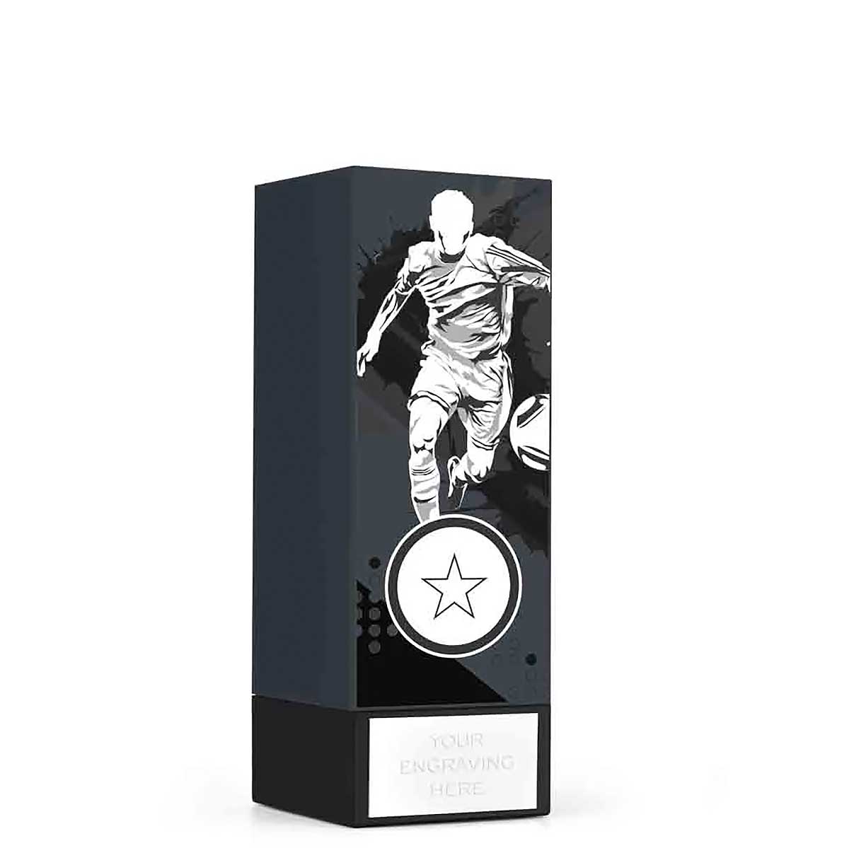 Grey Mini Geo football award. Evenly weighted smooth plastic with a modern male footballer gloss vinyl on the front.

==

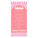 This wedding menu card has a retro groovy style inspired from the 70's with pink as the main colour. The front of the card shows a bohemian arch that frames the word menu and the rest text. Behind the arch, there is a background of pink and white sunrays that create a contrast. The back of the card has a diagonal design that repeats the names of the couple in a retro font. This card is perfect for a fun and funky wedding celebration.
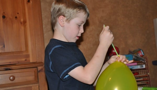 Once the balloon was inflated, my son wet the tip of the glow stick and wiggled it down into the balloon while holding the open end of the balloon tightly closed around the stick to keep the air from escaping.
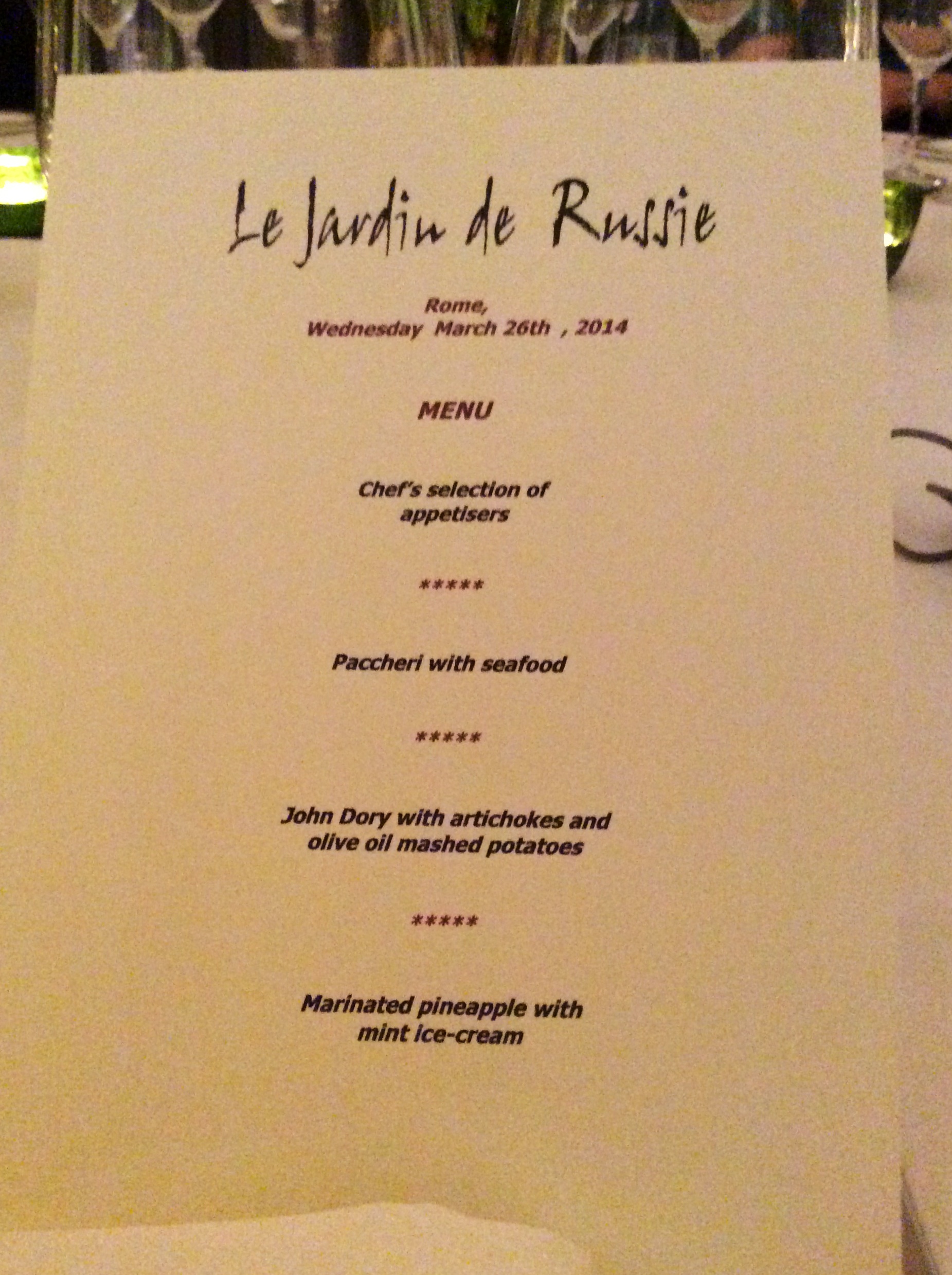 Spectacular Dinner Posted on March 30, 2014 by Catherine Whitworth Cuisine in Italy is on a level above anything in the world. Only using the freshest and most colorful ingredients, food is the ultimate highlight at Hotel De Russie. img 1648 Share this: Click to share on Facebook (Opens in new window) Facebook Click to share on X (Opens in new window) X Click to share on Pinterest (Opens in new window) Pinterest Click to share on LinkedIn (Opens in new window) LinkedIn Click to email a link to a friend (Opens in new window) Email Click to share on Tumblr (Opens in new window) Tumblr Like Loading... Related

*GOAL OF THE EXERCISE*.
Only one stretch of the material above is wanted: the line containing "Once the balloon" through the line containing "Spectacular Dinner Posted". Restate it word for word, minus the pictures.

*ANSWER BELOW*.
 Once the balloon was inflated, my son wet the tip of the glow stick and wiggled it down into the balloon while holding the open end of the balloon tightly closed around the stick to keep the air from escaping.
 Spectacular Dinner Posted on March 30, 2014 by Catherine Whitworth Cuisine in Italy is on a level above anything in the world. Only using the freshest and most colorful ingredients, food is the ultimate highlight at Hotel De Russie. img 1648 Share this: Click to share on Facebook (Opens in new window) Facebook Click to share on X (Opens in new window) X Click to share on Pinterest (Opens in new window) Pinterest Click to share on LinkedIn (Opens in new window) LinkedIn Click to email a link to a friend (Opens in new window) Email Click to share on Tumblr (Opens in new window) Tumblr Like Loading... Related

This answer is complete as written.